Уманский схватил меня за плечо, развернул к себе лицом:
— Ты Александров?!
Переменив руку, он вцепился мне в самый ворот рубахи, у кадыка. И, хрипло крякнув, стал хлестать по щекам наотмашь, у меня только голова откидывалась: вправо, влево, вправо, влево… Вся российская матерщина воспаленной мокротой подступила к горлу, — я выхаркнул сгусток мата прямо в чекистскую ряху начальника.
Выстрел оглушил меня, будто пуля пробила барабанные перепонки. Уманский стрелял в упор, и я до сих пор не знаю, почему промахнулся. Думаю, в последнюю долю секунды опомнился, толкнуло под руку. Тогда в лагерях самовольно еще не расстреливали.
Постепенно я стал слышать тишину. Рискнул пошевелиться — вроде живой и нигде не больно, открыл глаза. Все пялились на меня, как на ожившего Лазаря. Уманского не было.
Просунулись в дверь санитары с носилками.
— Кто тут раненый?
Я шагнул им навстречу — и вдруг отказали ноги. Носилки пригодились, даже одеться мне было затруднительно. А вечером, прямо из санчасти, меня выкликнули на этап в Центральные мастерские…
Вертухай толчком локтя оборвал воспоминания:
— Кончай, артист, кемарить!
Заскрежетали тормоза; паровоз, гриппозно дыша, остановился. На вагончике, утопленном днищем в снег, керосиновый фонарь высвечивал название станции: «Умар».
Поодаль стояли сани-розвальни, было слышно, как возчик шлепает рукавицами о бушлат, согревается.
— Откуда? — спросил я, когда мы с конвойным уселись.
— Где подох Иуда, — в рифму ответил возчик. — С Двадцатки. Жить стало лучше, мать вашу в гроб, жить стало веселее! Умар в Темлаге был, как для страны Колыма, — дальше некуда, люди говорили про эти места угрюмо. А 20-м лагпунктом грозили, пугая ослушников: попадешь — пропадешь, специальный, двойного назначения: штрафной и для венериков.

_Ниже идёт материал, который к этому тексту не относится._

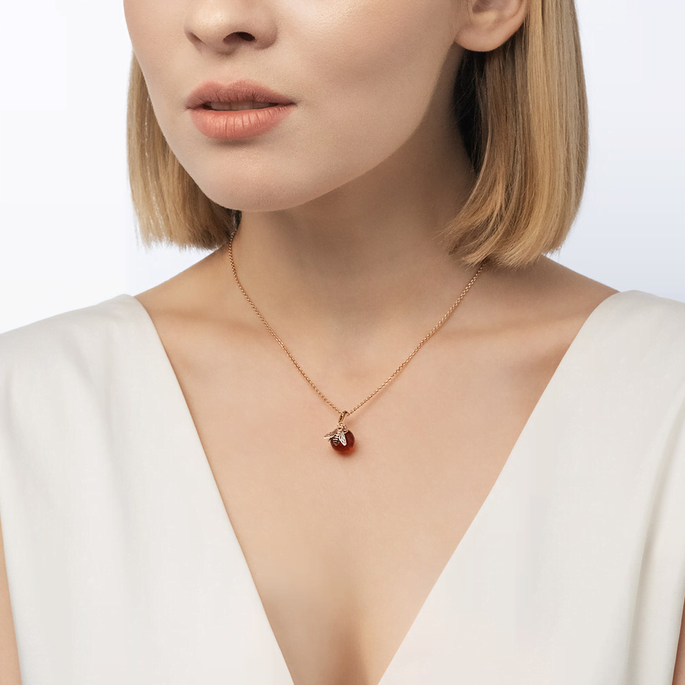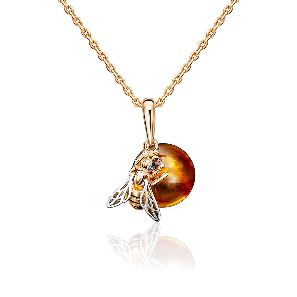 Перевернуть устоявшиеся каноны и сломать шаблоны — одна из главных задач любого искусства. В этом украшении вместо застывшего в вечном янтарном плену насекомого мы видим неожиданную картину: пчела смело ползет по янтарю. Подвеска воплощает идеальную гармонию контрастов, в которых соединяются отголоски прошлого и новаторство современности. Ювелиры «Платина» смогли создать удивительное украшение, покоряющее своим нестандартным творческим видением и фантазией. Живой эффект от подвески усиливается при движении — полупрозрачные крылья пчелы при каждом шаге начинают подрагивать, отбрасывая теплые золотистые блики.

Если отбросы общества не поддаются перековке, их уничтожают.
Был бы у меня дар провидца, я бы угадал в Двадцатке грядущее — то, что предстоит народу ГУЛАГа в скором времени и на долгие годы.
20-й лагпункт — проба пера, черновая репетиция. Бьют еще от случая к случаю, но каждый, кому не лень, толкает — кулаком, ногой, тычком приклада: сплошная пихня. Еще бреют наголо только лобки, (когда за пределами лагеря задерживают личность, не внушающую доверия, первый приказ: расстегни штаны! В бараке на полтораста персон нон грата — одна хлипкая печурка: звонят подъем, а не отдерешь голову от нар, волосы примерзли. Нары — помост из горбыля, матрацы только у старосты и двух-трех его корешей. Вошь грызет поедом; не солдатская, которая сперва шлет разведку, а лагерная, атакующая всем фронтом сразу. Норма в лесу — 14 кубиков на пилу: выполнить ее невозможно; стало быть, пайка граммов в триста — пятьсот и миска магары или сечки…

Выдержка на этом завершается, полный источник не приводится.